Stored entries:
————

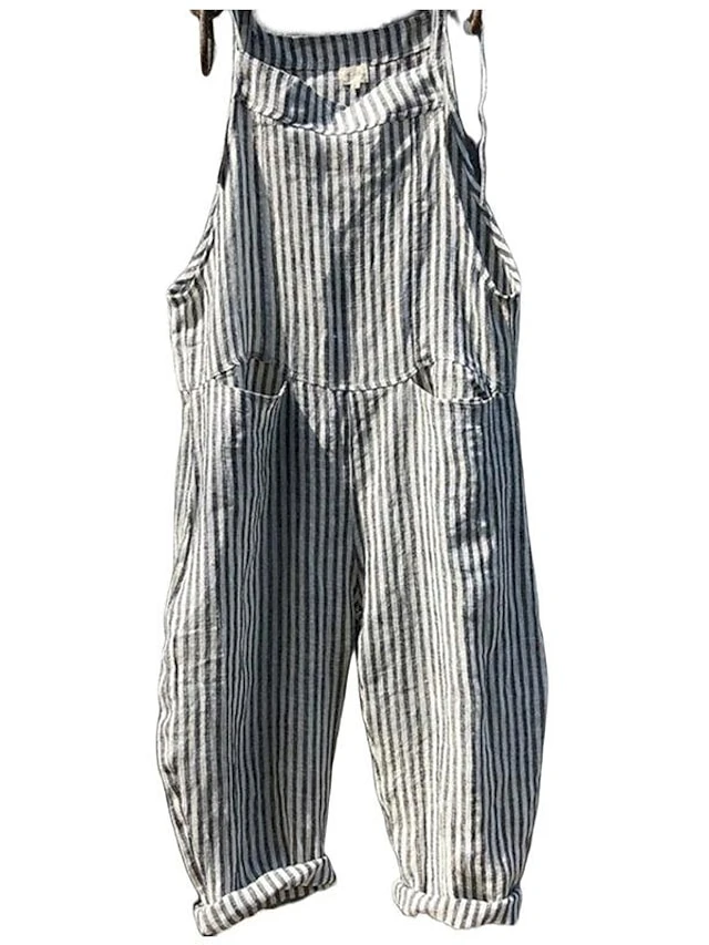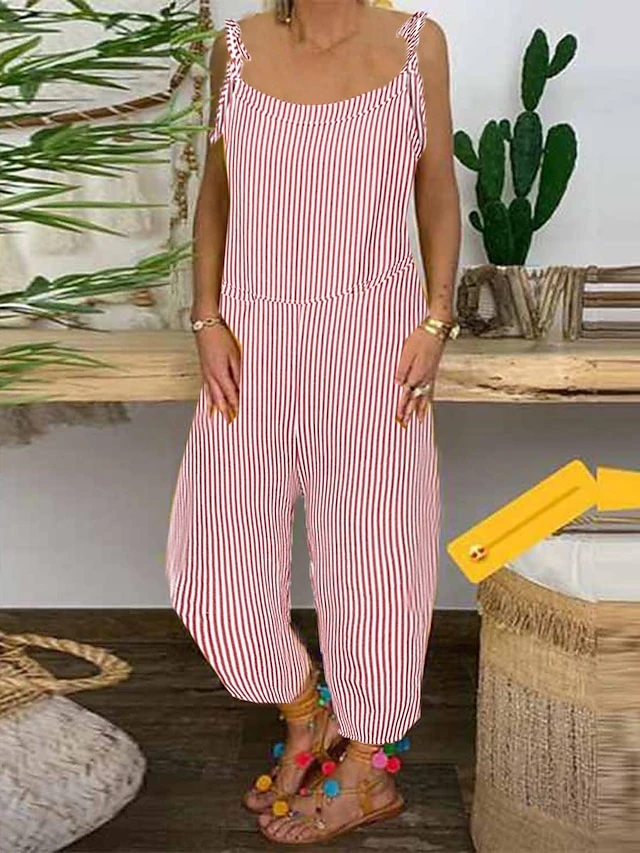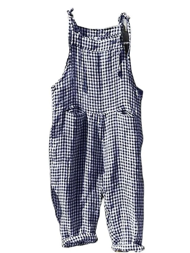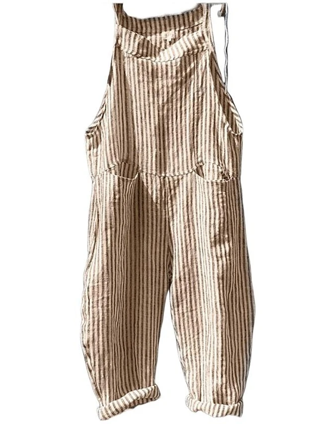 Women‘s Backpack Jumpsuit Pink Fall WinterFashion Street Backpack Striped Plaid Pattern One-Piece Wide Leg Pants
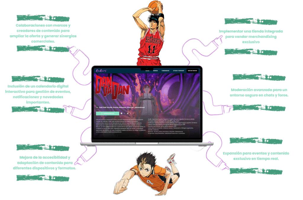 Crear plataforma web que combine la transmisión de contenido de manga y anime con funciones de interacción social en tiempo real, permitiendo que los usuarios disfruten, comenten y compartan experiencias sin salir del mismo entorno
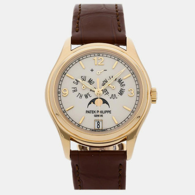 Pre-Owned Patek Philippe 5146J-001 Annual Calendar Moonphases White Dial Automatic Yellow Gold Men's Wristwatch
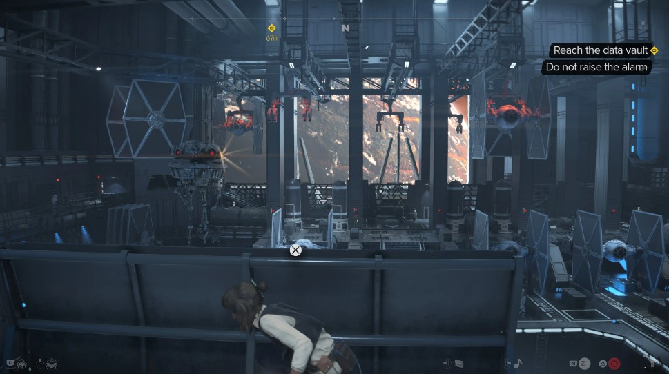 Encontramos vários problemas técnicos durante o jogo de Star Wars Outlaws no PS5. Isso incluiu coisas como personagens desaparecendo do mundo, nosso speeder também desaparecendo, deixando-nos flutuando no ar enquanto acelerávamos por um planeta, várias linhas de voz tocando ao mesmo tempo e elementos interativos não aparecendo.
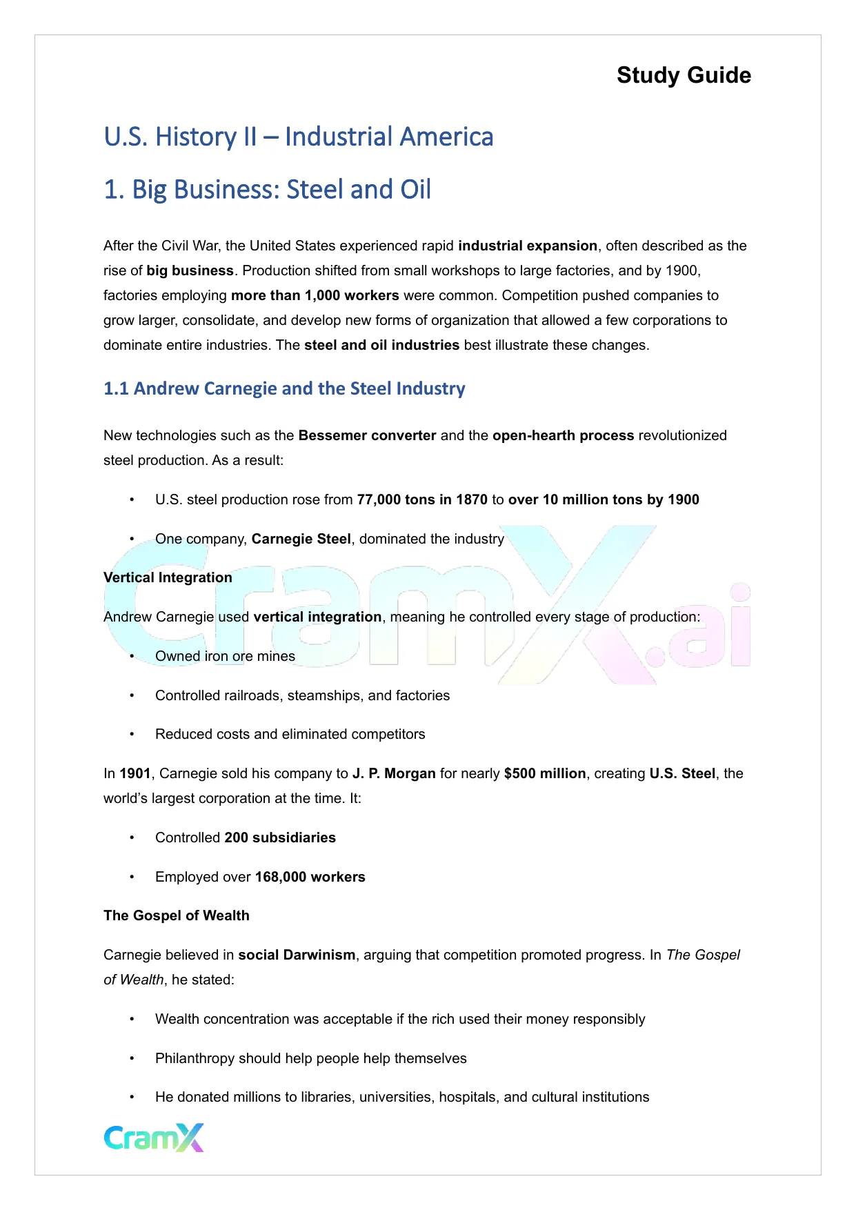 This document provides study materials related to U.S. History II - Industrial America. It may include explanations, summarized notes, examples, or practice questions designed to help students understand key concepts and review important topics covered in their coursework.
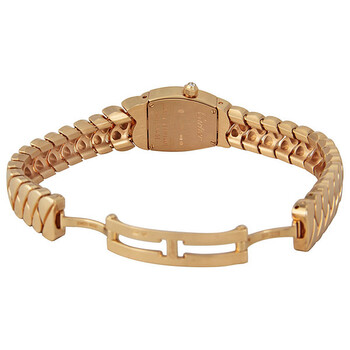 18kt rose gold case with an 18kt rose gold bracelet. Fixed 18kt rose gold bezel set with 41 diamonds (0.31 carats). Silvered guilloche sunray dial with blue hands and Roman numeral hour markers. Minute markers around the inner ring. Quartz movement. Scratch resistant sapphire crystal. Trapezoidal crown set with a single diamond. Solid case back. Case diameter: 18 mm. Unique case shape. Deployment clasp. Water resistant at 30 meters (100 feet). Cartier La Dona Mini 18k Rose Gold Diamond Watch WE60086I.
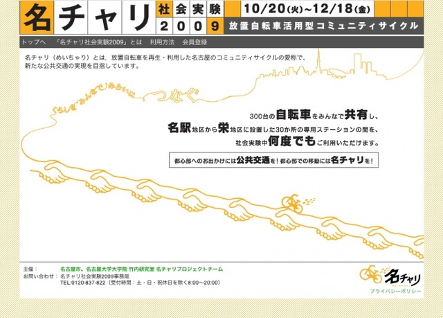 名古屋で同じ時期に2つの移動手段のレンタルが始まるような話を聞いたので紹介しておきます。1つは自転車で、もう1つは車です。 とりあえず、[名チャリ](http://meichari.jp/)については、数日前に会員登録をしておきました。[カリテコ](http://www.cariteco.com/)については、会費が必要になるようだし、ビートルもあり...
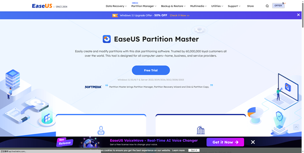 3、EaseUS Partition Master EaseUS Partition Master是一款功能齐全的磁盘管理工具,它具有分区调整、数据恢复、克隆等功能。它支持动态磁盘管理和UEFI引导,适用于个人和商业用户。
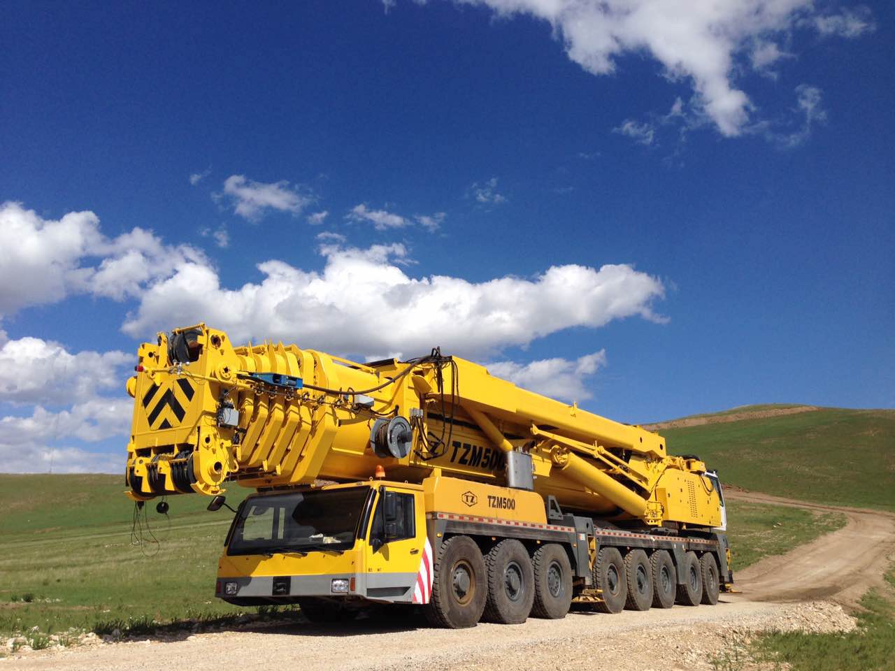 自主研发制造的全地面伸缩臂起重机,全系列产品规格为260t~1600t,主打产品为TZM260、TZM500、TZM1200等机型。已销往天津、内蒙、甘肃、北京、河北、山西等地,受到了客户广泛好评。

————

WHAT YOU NEED TO DO: Once the pictures are removed, return the entries exactly as they stand.

SOLUTION TO THIS TASK:
 Women‘s Backpack Jumpsuit Pink Fall WinterFashion Street Backpack Striped Plaid Pattern One-Piece Wide Leg Pants
 Crear plataforma web que combine la transmisión de contenido de manga y anime con funciones de interacción social en tiempo real, permitiendo que los usuarios disfruten, comenten y compartan experiencias sin salir del mismo entorno
 Pre-Owned Patek Philippe 5146J-001 Annual Calendar Moonphases White Dial Automatic Yellow Gold Men's Wristwatch
 Encontramos vários problemas técnicos durante o jogo de Star Wars Outlaws no PS5. Isso incluiu coisas como personagens desaparecendo do mundo, nosso speeder também desaparecendo, deixando-nos flutuando no ar enquanto acelerávamos por um planeta, várias linhas de voz tocando ao mesmo tempo e elementos interativos não aparecendo.
 This document provides study materials related to U.S. History II - Industrial America. It may include explanations, summarized notes, examples, or practice questions designed to help students understand key concepts and review important topics covered in their coursework.
 18kt rose gold case with an 18kt rose gold bracelet. Fixed 18kt rose gold bezel set with 41 diamonds (0.31 carats). Silvered guilloche sunray dial with blue hands and Roman numeral hour markers. Minute markers around the inner ring. Quartz movement. Scratch resistant sapphire crystal. Trapezoidal crown set with a single diamond. Solid case back. Case diameter: 18 mm. Unique case shape. Deployment clasp. Water resistant at 30 meters (100 feet). Cartier La Dona Mini 18k Rose Gold Diamond Watch WE60086I.
 名古屋で同じ時期に2つの移動手段のレンタルが始まるような話を聞いたので紹介しておきます。1つは自転車で、もう1つは車です。 とりあえず、[名チャリ](http://meichari.jp/)については、数日前に会員登録をしておきました。[カリテコ](http://www.cariteco.com/)については、会費が必要になるようだし、ビートルもあり...
 3、EaseUS Partition Master EaseUS Partition Master是一款功能齐全的磁盘管理工具,它具有分区调整、数据恢复、克隆等功能。它支持动态磁盘管理和UEFI引导,适用于个人和商业用户。
 自主研发制造的全地面伸缩臂起重机,全系列产品规格为260t~1600t,主打产品为TZM260、TZM500、TZM1200等机型。已销往天津、内蒙、甘肃、北京、河北、山西等地,受到了客户广泛好评。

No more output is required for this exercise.